Gold continues to maintain its lustre, despite equities relentlessly climbing ever higher in recent weeks. This is certainly a disturbing occurrence. Gold commonly is negatively correlated to stocks, meaning they usually move in opposite directions. Even more startling is that gold surged after the Fed hiked interest rates, ending last week at just over 3% higher. This is particularly bizarre because higher interest rates are usually bad for gold because it is a non-yielding asset.

You see, as rates rise, the opportunity cost of holding gold increases, meaning that investors will sell gold and buy assets that have higher yields because of higher rates.

Now what?

These strange occurrences can be attributed to a confluence of events.

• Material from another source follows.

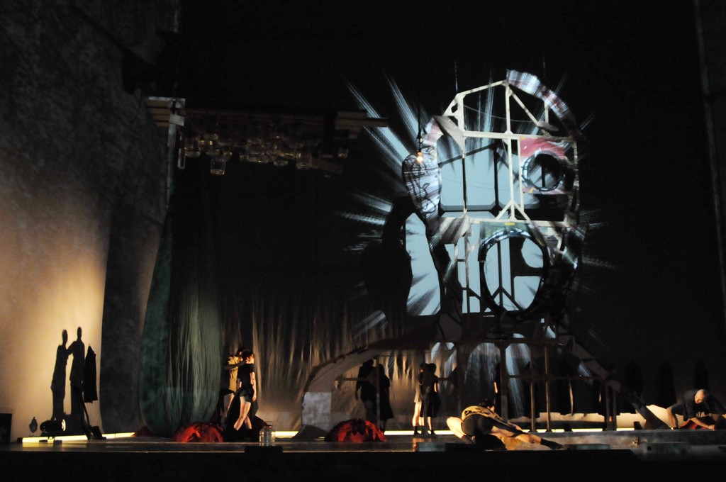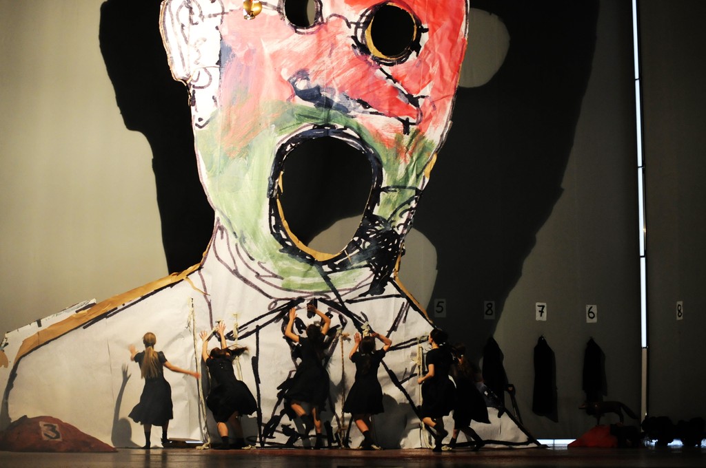 Одно из самых красивых мест спектакля — когда с колосников спускается грубо намалеванный на оберточной бумаге портрет неизвестного с открытым ртом, напоминающий перефразированный «Крик» Э. Мунка и одновременно «Папу Иннокентия X» Ф. Бэкона, а на сцене начинается бабий бунт.
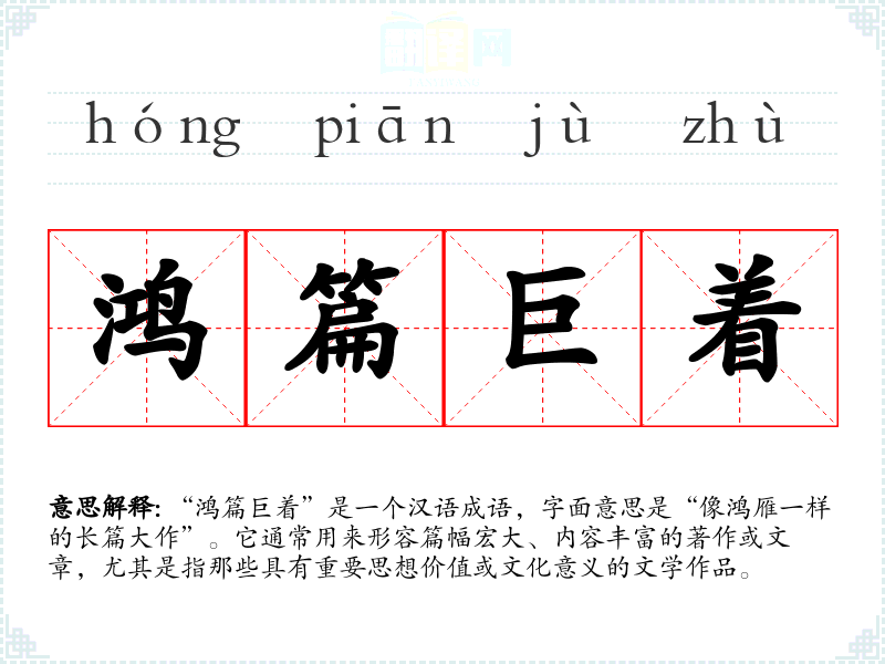 “鸿篇巨着”是一个汉语成语,字面意思是“像鸿雁一样的长篇大作”。它通常用来形容篇幅宏大、内容丰富的著作或文章,尤其是指那些具有重要思想价值或文化意义的文学作品。

On the one hand, there is the irrational exuberance surrounding stocks since Trump’s ascension to the White House and his promises to boost economic growth through wide-ranging fiscal stimulus.

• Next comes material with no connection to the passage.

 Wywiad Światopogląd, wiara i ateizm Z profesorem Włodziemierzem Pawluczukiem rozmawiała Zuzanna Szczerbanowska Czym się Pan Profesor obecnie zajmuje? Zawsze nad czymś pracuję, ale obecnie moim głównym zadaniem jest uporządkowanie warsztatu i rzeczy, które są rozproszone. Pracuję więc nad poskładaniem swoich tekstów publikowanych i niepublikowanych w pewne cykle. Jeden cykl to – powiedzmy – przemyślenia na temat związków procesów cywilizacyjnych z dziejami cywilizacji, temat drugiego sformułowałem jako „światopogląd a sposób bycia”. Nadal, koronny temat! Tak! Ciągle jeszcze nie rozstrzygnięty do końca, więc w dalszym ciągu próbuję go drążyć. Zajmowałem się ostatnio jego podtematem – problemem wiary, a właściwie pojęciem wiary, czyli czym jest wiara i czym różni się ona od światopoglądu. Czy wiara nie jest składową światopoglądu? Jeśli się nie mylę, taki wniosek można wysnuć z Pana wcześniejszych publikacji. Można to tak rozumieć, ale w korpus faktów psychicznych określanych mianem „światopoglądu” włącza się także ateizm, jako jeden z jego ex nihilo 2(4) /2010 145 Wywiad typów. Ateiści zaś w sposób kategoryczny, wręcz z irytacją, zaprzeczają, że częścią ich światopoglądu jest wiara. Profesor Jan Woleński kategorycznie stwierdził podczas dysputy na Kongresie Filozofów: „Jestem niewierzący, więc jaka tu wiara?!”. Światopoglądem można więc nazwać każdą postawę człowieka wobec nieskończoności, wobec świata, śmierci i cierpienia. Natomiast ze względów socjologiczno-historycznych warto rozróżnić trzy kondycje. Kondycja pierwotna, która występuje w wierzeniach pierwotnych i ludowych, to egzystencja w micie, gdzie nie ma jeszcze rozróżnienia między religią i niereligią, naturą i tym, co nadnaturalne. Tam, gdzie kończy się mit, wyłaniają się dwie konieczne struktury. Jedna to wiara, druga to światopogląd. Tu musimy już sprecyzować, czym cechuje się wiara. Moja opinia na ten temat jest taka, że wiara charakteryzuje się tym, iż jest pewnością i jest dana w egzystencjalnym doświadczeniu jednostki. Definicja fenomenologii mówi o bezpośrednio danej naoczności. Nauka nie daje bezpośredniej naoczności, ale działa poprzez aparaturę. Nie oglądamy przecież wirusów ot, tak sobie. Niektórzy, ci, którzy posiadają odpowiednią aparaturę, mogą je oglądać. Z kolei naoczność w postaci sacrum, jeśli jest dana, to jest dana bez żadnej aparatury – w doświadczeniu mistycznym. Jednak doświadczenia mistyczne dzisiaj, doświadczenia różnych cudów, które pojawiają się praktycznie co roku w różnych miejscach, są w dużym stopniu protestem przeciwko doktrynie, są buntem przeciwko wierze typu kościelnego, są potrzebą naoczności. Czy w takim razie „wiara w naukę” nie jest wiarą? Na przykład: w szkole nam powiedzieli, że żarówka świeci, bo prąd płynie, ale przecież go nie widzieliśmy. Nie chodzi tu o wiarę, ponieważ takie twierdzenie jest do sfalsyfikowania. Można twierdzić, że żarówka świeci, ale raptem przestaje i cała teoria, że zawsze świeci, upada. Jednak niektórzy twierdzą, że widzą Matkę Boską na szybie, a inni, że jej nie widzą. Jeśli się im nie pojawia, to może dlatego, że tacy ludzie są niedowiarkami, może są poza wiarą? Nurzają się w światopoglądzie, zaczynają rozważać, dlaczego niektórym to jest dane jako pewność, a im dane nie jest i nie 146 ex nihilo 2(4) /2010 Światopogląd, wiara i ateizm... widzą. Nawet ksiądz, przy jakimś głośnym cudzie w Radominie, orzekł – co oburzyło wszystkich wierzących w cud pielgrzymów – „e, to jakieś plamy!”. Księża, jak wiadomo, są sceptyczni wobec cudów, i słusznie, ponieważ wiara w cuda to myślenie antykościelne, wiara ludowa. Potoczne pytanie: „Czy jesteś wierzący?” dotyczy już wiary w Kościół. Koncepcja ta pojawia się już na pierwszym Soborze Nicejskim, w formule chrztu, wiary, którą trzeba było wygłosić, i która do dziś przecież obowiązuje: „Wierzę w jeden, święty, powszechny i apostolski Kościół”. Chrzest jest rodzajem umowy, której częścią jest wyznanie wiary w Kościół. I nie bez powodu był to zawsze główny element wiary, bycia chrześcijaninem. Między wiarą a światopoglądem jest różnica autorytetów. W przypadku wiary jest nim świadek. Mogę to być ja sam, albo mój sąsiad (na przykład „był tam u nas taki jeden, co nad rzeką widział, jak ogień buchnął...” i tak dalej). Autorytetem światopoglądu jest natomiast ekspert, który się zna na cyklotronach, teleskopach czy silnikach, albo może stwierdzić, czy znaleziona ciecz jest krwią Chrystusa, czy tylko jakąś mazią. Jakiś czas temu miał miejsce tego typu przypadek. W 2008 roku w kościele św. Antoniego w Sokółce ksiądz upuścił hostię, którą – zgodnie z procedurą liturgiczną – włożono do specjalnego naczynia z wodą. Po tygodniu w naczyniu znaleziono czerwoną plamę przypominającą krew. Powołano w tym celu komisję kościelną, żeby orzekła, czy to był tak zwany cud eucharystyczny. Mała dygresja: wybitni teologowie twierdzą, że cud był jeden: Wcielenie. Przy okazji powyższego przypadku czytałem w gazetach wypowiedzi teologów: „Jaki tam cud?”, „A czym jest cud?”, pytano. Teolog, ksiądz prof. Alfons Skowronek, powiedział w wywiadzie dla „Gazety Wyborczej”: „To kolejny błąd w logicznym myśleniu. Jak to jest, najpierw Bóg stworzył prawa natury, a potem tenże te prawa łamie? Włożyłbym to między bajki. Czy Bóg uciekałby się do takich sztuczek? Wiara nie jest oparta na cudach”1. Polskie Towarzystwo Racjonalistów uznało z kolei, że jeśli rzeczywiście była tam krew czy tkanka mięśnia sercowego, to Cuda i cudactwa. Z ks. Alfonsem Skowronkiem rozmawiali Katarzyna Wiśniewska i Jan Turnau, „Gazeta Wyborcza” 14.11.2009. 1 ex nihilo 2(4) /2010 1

Then on the other, there are growing fears that not all is well with the global economy. There are a wide range of economic and political fissures threatening to trigger another financial crisis. Among these are the potential emergence of another European banking crisis, the fallout from the Brexit, growing political tensions with Russia, and widening threats to the integrity of the European Union.

There are fears that Trump’s proposed policies will either fail or be incompletely implemented, meaning that the anticipated level of economic growth now priced into equities won’t materialize.

These factors are generating considerable uncertainty, fueling a stampede to safety as investors seek to crisis-proof their portfolios by increasing their exposure to gold, which is considered the ultimate safe-haven asset.

In such an odd environment, where there is a growing disconnect of the traditional linkages between asset classes, investors need to position themselves appropriately. 

So what?

One of the best ways to take advantage of higher gold prices is by investing in a precious metals streamer. They offer the same leveraged exposure to precious metals like the miners but with a far lower degree of risk. This is because they don’t engage in the business of mining, which is a hazardous activity.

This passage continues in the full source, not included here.